- Citizenship: Kenyan
- Education: University of Nairobi (BA)
- Occupation: Multimedia Journalist
- Employer: Royal Media Services
- Awards: ACCER Award 2022

= Agnes Lydia Oloo =

Agnes Lydia Oloo is a Kenyan multimedia journalist with the Royal Media Services, and is known for reporting issues in environment, climate change, biodiversity and justice for Citizen TV Kenya and Citizen Digital. She was a joint overall winner of the 2022 African Climate Change and Environmental Reporting (ACCER) Award organised by the Pan African Climate Justice Alliance (PACJA).

== Education ==
Agnes earned a Bachelor's degree in Journalism and Mass Communication from the University of Nairobi, Kenya.

== Career ==
She works with Royal Media Services in Nairobi as a videographer and features reporter across the Citizen TV, Citizen Radio and Citizen Digital platforms, producing video and written features on biodiversity, conservation, human rights, pollution and climate policy.

Her bylines at Citizen Digital include coverage of biodiversity and conservation issues such as Kenya's black rhino conservation program, a report for World Rhino Day from Lewa Wildlife Conservancy and an analysis of the environmental and public health implications of second-hand textile imports.

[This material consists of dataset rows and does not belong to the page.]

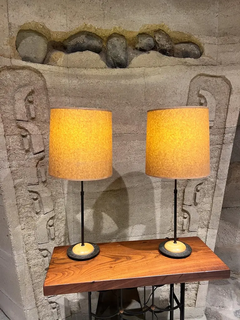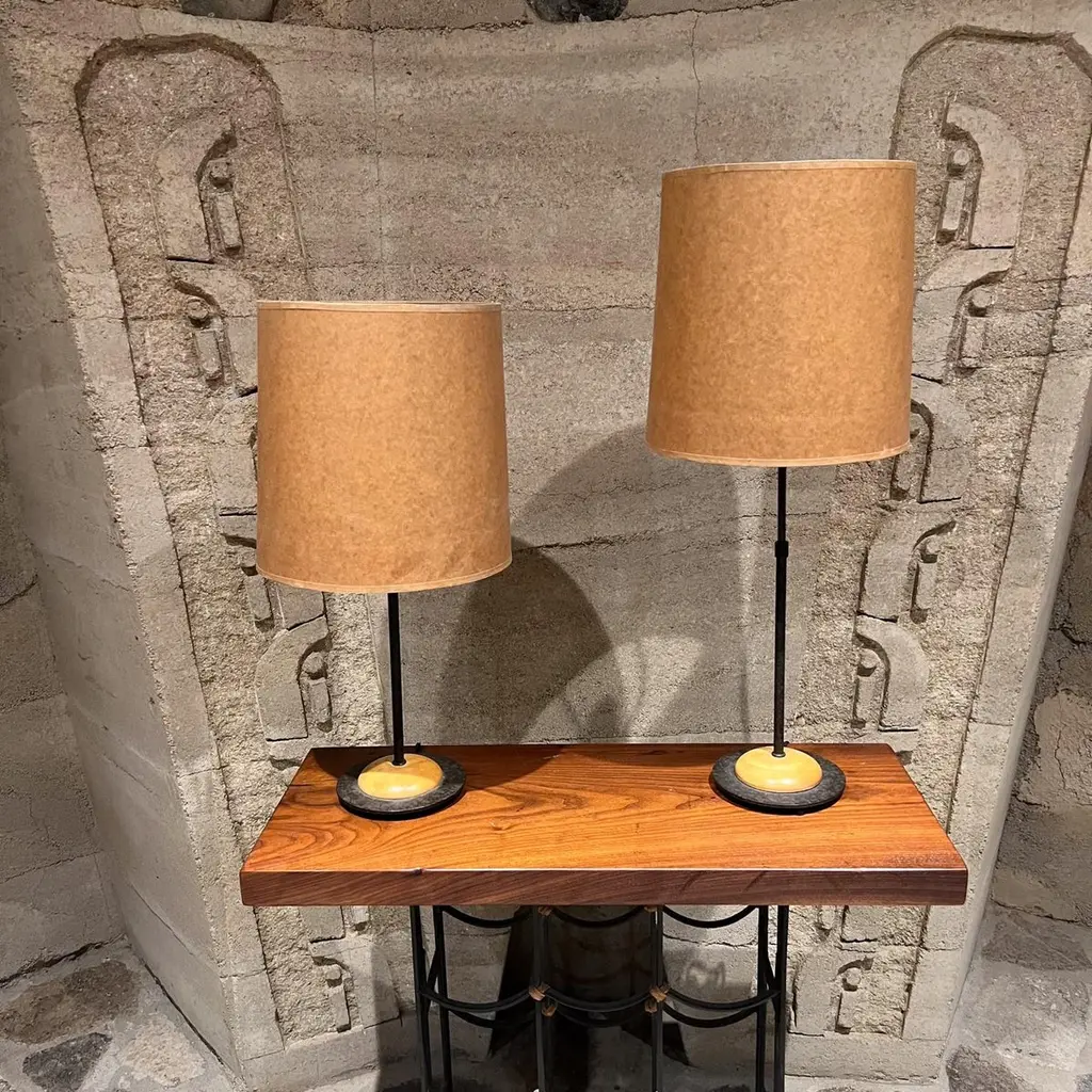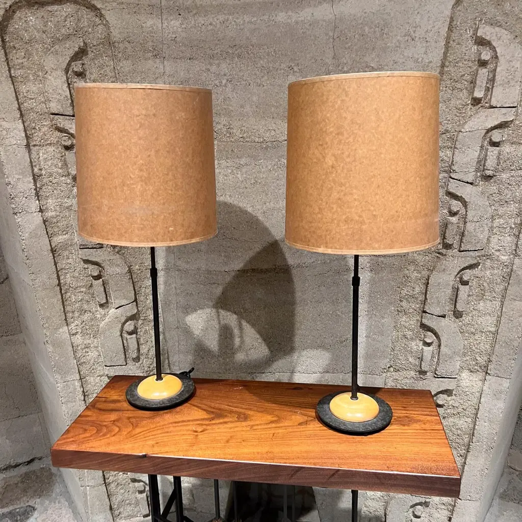 1950s Mid-Century Modern Sputnik Atomic Table Lamp Pair15 h at shortest 23.25 at tallest to socket x 6.5 diameterOriginal preowned condition unrestored.No shades are included.Refer to images.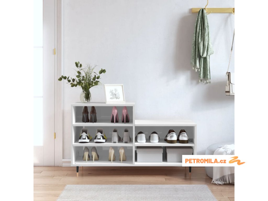 Botník bílý s vysokým leskem 102x36x60 cm kompozitní dřevo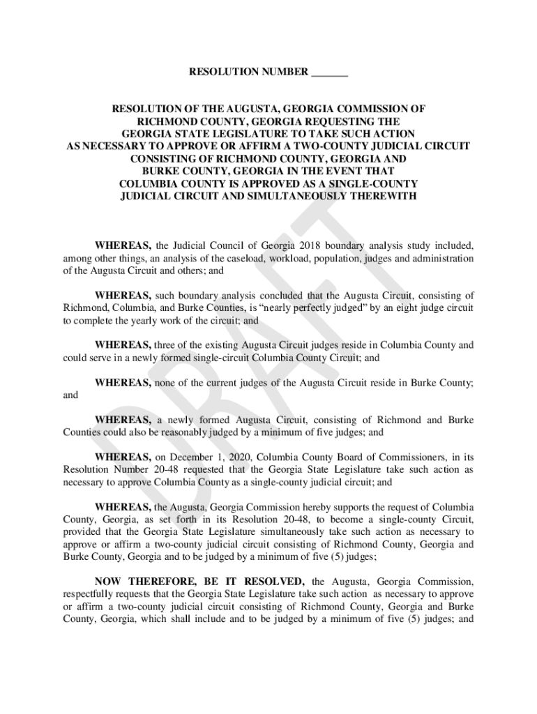 RESOLUTION NUMBER ___RESOLUTION OF THE AUGUSTA, GEORGIA COMMISSION OF RICHMOND COUNTY, GEORGIA REQUESTING THE GEORGIA STATE LEGISLATURE TO TAKE SUCH ACTION AS NECESSARY TO APPROVE OR AFFIRM A COUNTY

She has also reported on justice and climate change topics including the 2024 International Women's Day and Kenya's attraction of Ksh 680 billion investment commitments at COP28, for both Citizen TV and Citizen Digital.

In 2023, she was selected by the Open Mind for Excellence and Global Awareness (OMEGA) as an ORA Africa fellow, a program that trains and supports journalists covering complex global risks.

She was named a CBD fellow by Earth Journalism Network (EJN) in 2024, to cover biodiversity finance and negotiations at COP16.

== Awards and recognition ==
Agnes with Raquel Muigai were joint winners of the ACCER award 2022 based on their entry in the broadcast/TV category for their report "Dry Death".